> _Data_:
◆ ◆ ◆ ◆
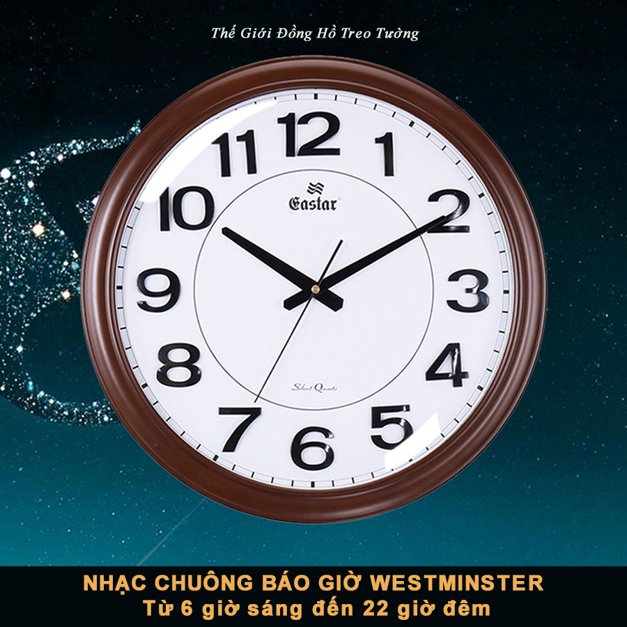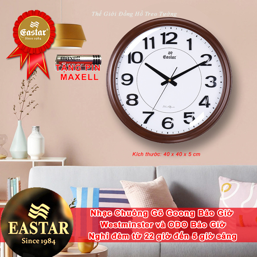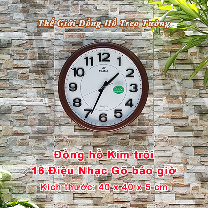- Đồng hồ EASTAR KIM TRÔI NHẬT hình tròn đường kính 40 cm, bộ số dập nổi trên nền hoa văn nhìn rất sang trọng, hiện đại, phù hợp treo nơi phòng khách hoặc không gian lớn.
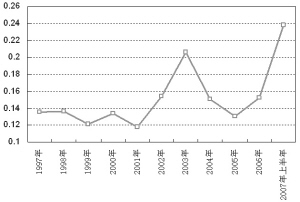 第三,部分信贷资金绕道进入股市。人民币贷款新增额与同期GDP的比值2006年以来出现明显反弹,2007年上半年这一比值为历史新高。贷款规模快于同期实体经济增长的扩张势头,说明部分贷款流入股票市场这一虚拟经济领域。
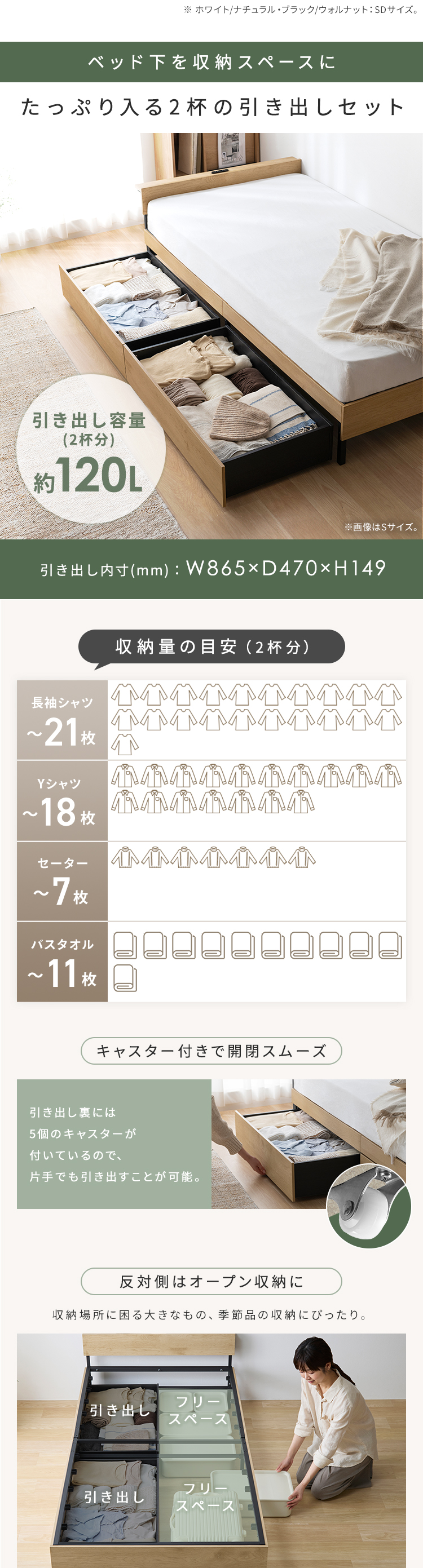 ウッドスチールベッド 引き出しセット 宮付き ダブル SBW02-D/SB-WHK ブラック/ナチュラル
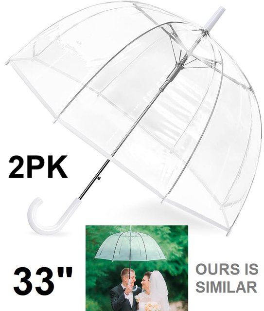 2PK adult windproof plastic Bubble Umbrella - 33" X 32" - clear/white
◆ ◆ ◆ ◆
> _Task to carry out_:
Where pictures appear, skip them and transcribe all other material word for word.

> _Solution for this problem_:
- Đồng hồ EASTAR KIM TRÔI NHẬT hình tròn đường kính 40 cm, bộ số dập nổi trên nền hoa văn nhìn rất sang trọng, hiện đại, phù hợp treo nơi phòng khách hoặc không gian lớn.
 第三,部分信贷资金绕道进入股市。人民币贷款新增额与同期GDP的比值2006年以来出现明显反弹,2007年上半年这一比值为历史新高。贷款规模快于同期实体经济增长的扩张势头,说明部分贷款流入股票市场这一虚拟经济领域。
 ウッドスチールベッド 引き出しセット 宮付き ダブル SBW02-D/SB-WHK ブラック/ナチュラル
 2PK adult windproof plastic Bubble Umbrella - 33" X 32" - clear/white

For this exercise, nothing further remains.